Miller-Meeks also praised the first stimulus package, and said more federal aid is needed.
“I think that we found that the pandemic is lasting a lot longer than we thought it would,” Miller-Meeks said. “This virus has proven to be very tricky and very resilient.”
“The second relief package is also necessary,” Miller-Meeks said. “I think it does need to continue to cover unemployment for those people who have not been able to go back to work or whose jobs have ended,” and the $600 in added unemployment benefits should be debated, she added.
In recent weeks, the candidates have focused their campaigns on meeting with constituents via Zoom and in socially distanced appearances.
The early going saw Hart winning the fundraising war.
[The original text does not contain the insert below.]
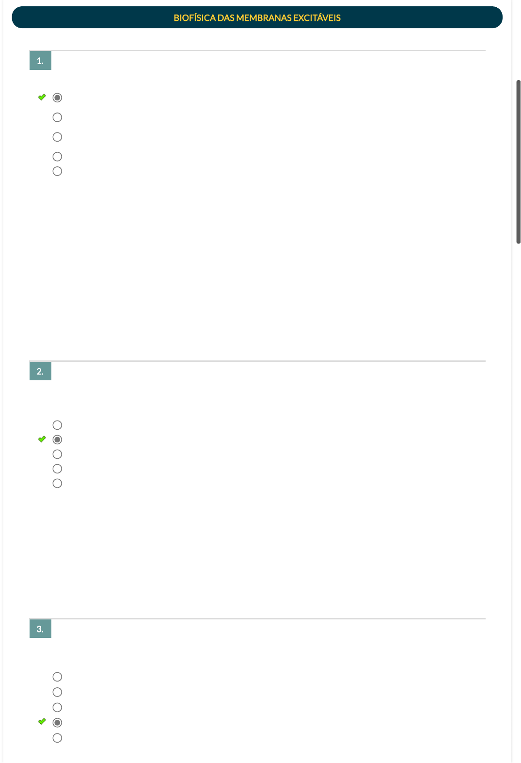 <p>Algumas drogas utilizadas no tratamento de alguns tipos de depressão agem impedindo a recaptação do</p><p>neurotransmissor serotonina no sistema nervoso central. Assinale a alternativa correta.</p><p>A plasticidade neuronal é a capacidade do sistema nervoso para reorganizar sua estrutura e função em resposta a</p><p>estímulos internos e externos. Após a lesão neural pode ocorrer a morte de neurônios que são substituídos e</p><p>ocorre alterações das sinapse. Quando essas lesões dani�cam as terminações axônicas pré-sináptica, que</p><p>necessitam de alterações, esse mecanismo recebe o nome de:</p><p>Quando, através de uma membrana celular (plasmalema), é realizado o transporte simultâneo de</p><p>duas diferentes substâncias em uma mesma direção, caracteriza-se esse tipo de proteína</p><p>carreadora, bem como o mecanismo de transporte ativo por ela possibilitado, como um:</p><p>BIOFÍSICA DAS MEMBRANAS EXCITÁVEIS</p><p>1.</p><p>Após sua liberação, o neurotransmissor provoca um potencial de ação na membrana pós-sináptica e é</p><p>recaptado pelo neurônio pré-sináptico.</p><p>Em uma sinapse, os neurotransmissores são liberados a partir de vesículas existentes nos dendritos.</p><p>Neurotransmissores são substâncias que agem no citoplasma do corpo celular dos neurônios, provocando o</p><p>surgimento de um impulso nervoso.</p><p>Somente as sinapses entre dois neurônios utilizam neurotransmissores como mediadores.</p><p>Neurotransmissores diferentes são capazes de provocar potenciais de ação de intensidades diferentes.</p><p>Data Resp.: 20/11/2023 11:42:46</p><p>Explicação:</p><p>Quando o neurotransmissor age em receptores excitatórios, ele provoca a abertura de canais de Na+ e</p><p>consequente aumento da permeabilidade desses íons na membrana pós-sináptica. A rápida entrada desse íon</p><p>no neurônio faz com que o potencial de membrana aumente de aproximadamente -65mV a -45mV. Chamamos</p><p>de potencial pós-sináptico excitatório (PPSE) o aumento que ocorreu, nesse caso, de +20mV. Para que o</p><p>neurônio pós-sináptico de�agre outro potencial de ação em seu corpo, uma despolarização que alcance esse</p><p>PPSE deve ocorrer (estímulo supralimiar). Geralmente, vários terminais pré-sinápticos são necessários para</p><p>alcançar tal valor. Já quando o neurotransmissor provoca a abertura de canais de Cl- na membrana pós-</p><p>sináptica, ele provoca inibição do neurônio, pois há um in�uxo de cargas negativas para dentro da célula.</p><p>2.</p><p>HIPEREFICÁCIA SINÁPTICA</p><p>HIPERSENSIBILIDADE POR DESNERVAÇÃO</p><p>DESMASCARAMENTO DE SINAPSES SILENCIOSAS</p><p>DEGENERAÇÃO SINÁPTICA</p><p>RECUPERAÇÃO DA EFICÁCIA SINÁPTICA</p><p>Data Resp.: 20/11/2023 11:40:39</p><p>Explicação:</p><p>Hipersensibilidade por desnervação ocorre quando terminações axônicas pré-sinápticas são destruídas,</p><p>desenvolvem-se novos sítios receptores na membrana pós-sináptica, em resposta ao transmissor liberado pelos</p><p>outros axônios próximos.</p><p>3.</p><p>Nenhuma das alternativas</p><p>Uniporte</p><p>Transporte</p><p>Simporte</p><p>Antiporte</p><p>Data Resp.: 20/11/2023 11:43:58</p>

Through the end of June, the most recent reporting deadline, Hart had raised nearly $1.9 million, more than twice Miller-Meeks’ $898,251. Hart had $1.4 million on hand, and Miller-Meeks, $505,678.
Miller-Meeks’ top contributors included Musco Lighting, $11,200; Brownell’s Inc., $10,900 and Hawkeye PAC, $10,000. Hart had slightly larger donations, with $43,750 coming from donors affiliated with the University of Iowa, $27,400 from Digidems PAC, and $26,023 from EMILY’s List.
In the weeks leading up to the debate, Miller-Meeks floated the idea of a fuel tax increase to help pay for infrastructure. Hart pushed to end Trump era rollbacks of environmental regulations, and opposed waivers of ethanol blending requirements.
Hart also enlisted former Sha Na Na singer Jon “Bowzer” Bauman to support her campaign, and Social Security, in an online appearance at his keyboard.